From European Wars to Third World Conflicts

War law was immediately confronted with an insurmountable contradiction. The "oases of humanity and reconciliation" that it is supposed to define are areas of reconstitution of the combating forces, resources at the disposition of the warring spirit. The notion that the cruelty of any conflict is proportional to its duration was not lacking in support in the military circles of the turn of the century. Hence, so they said, a short and violent war that sets aside humanitarian principles is better than a conflict which is dragged out in the name of the respect of humanitarian duties. This observation, which is still pertinent, has been raised once more nearly a century later in relation to humanitarian intervention in both Somalia and Bosnia. Sadly this fundamental contradiction in humanitarian aid is generally ignored because of the intellectual dilemma and moral conflict it engenders when on the contrary it would be better to take its existence and the unfortunate consequences into account in an effort to reduce their impact, without being lulled into the thinking that they can be eliminated.

This observation, which refer to the economics of conflicts, is accompanied by another one linked to their political evolution.

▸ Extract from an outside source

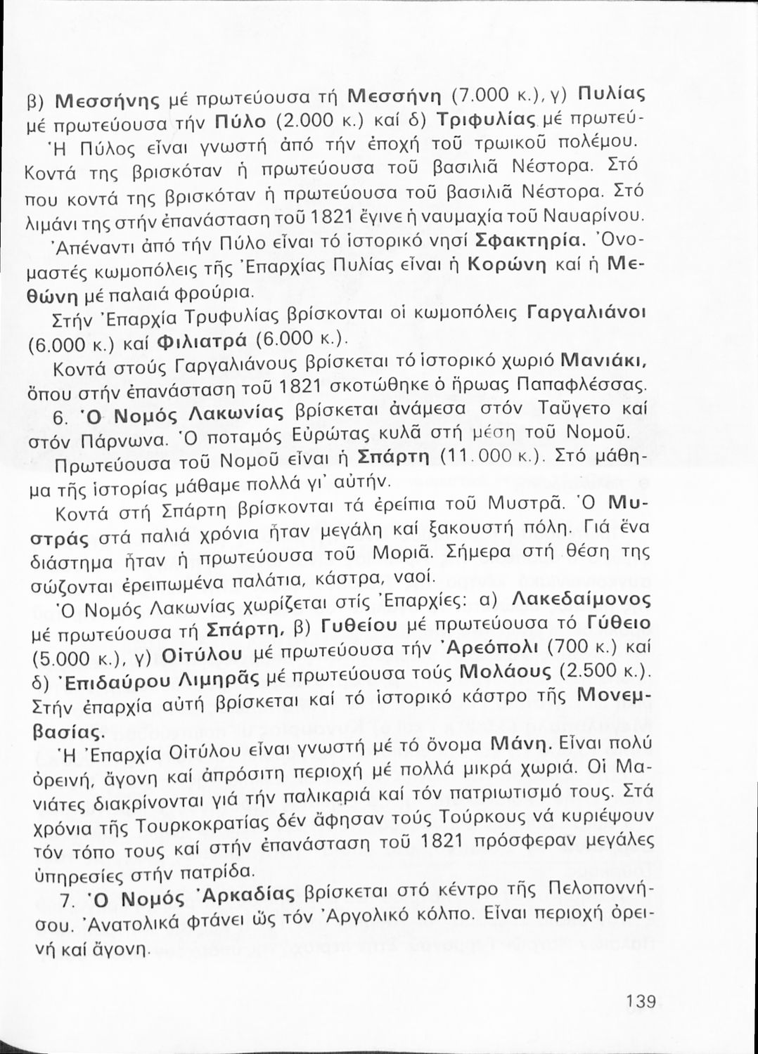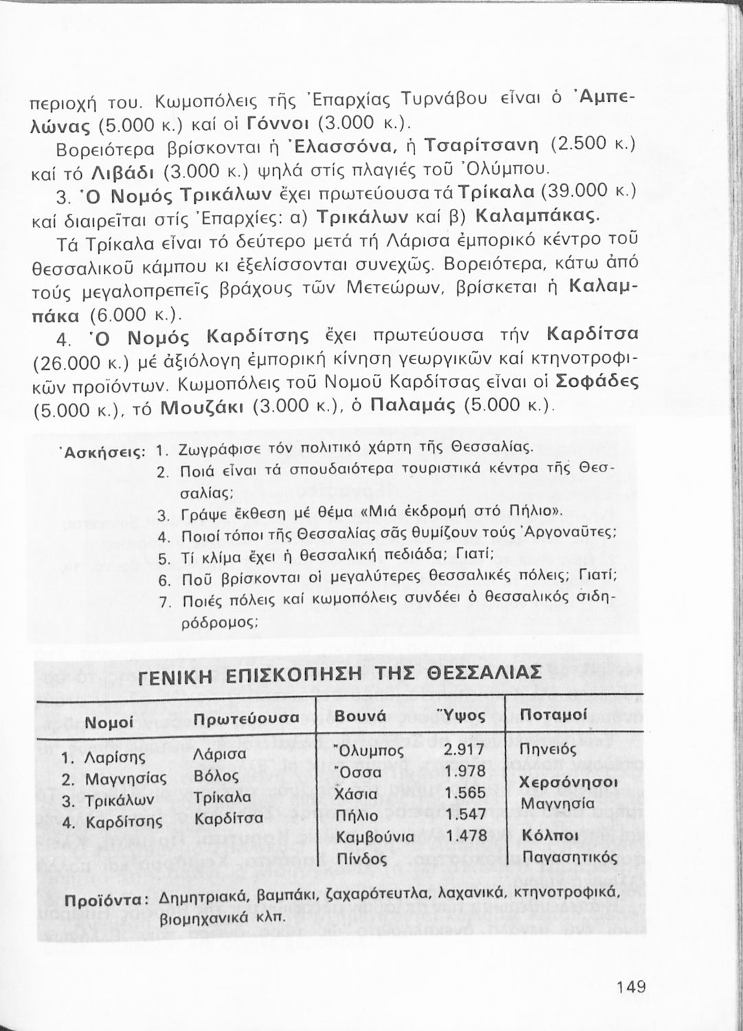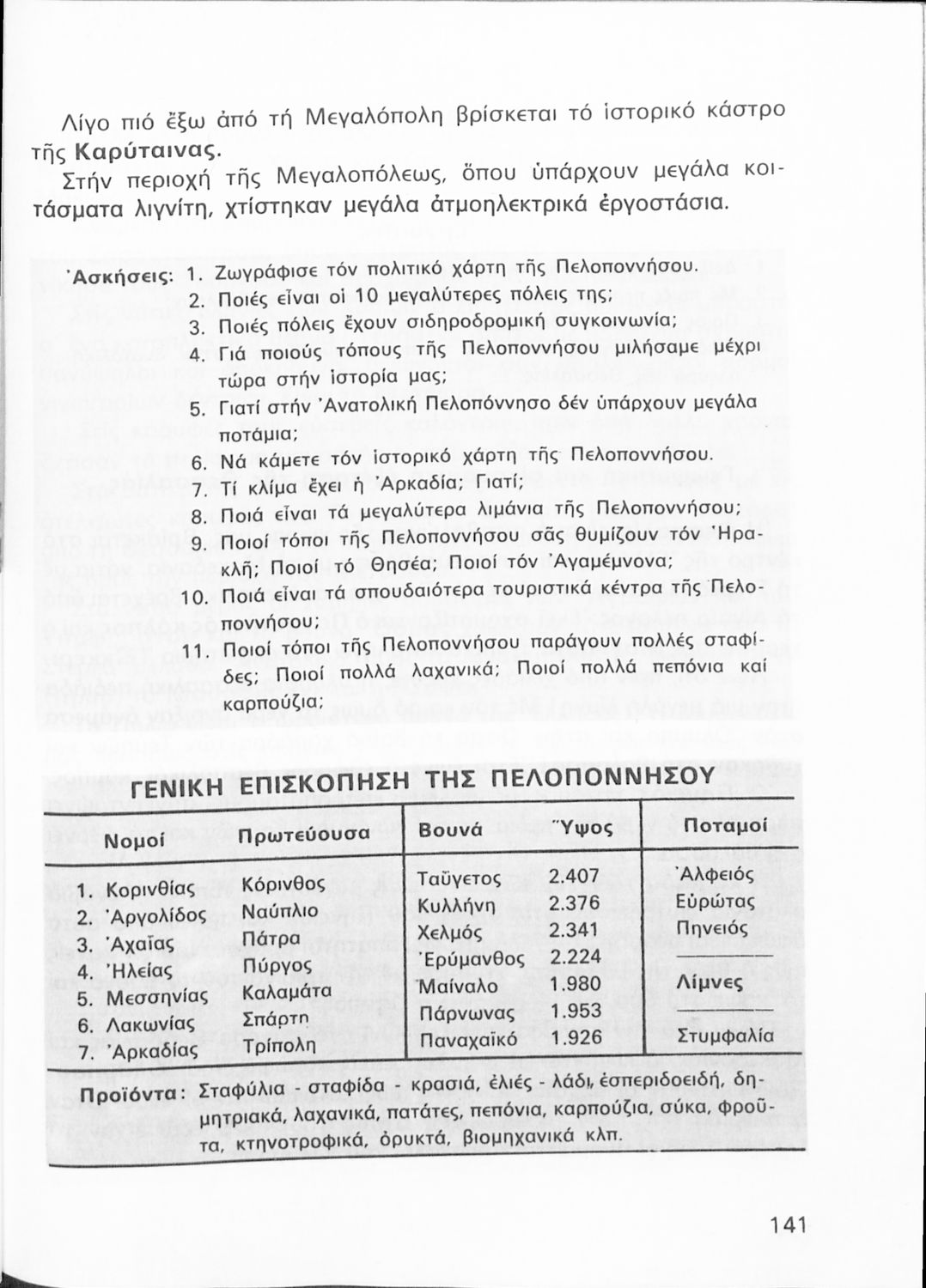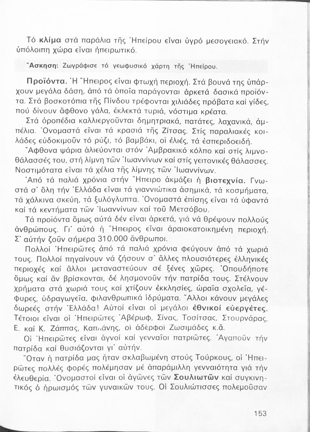 Βαθμίδα εκπαίδευσης: Πρωτοβάθμια Τάξη: Γ' Δημοτικού / Δ' Δημοτικού Μάθημα: Γεωγραφία Γλώσσα: Δημοτική Παρουσίαση περιεχομένου: Σχολικό εγχειρίδιο Γεωγραφίας Γ ΄ και Δ' Δημοτικού. Το πρώτο μέρος του βιβλίου απευθύνεται σε μαθητές της Γ' Δημοτικού και αποτελεί μια εισαγωγή στην πατριδογνωσία με έμφαση στις παραδόσεις της ελληνικής επαρχίας. Το δεύτερο μέρος αφορά την Δ' Δημοτικού και εξετάζει την οικονομική, πολιτική και γεωφυσική γεωγραφία της Ελλάδας. |

Humanitarian conventions originate from two essential principles put forward by Grotius (the father of international public law - Concerning the Law of War and Peace, 1625) and Rousseau: the limitation of war strictly to military necessity and the distinction between combatants and non-combatants. These principles, which were appropriate during the time of duel-wars that set two armies at odds at an agreed time and place have now been demolished by the appearance of total warfare.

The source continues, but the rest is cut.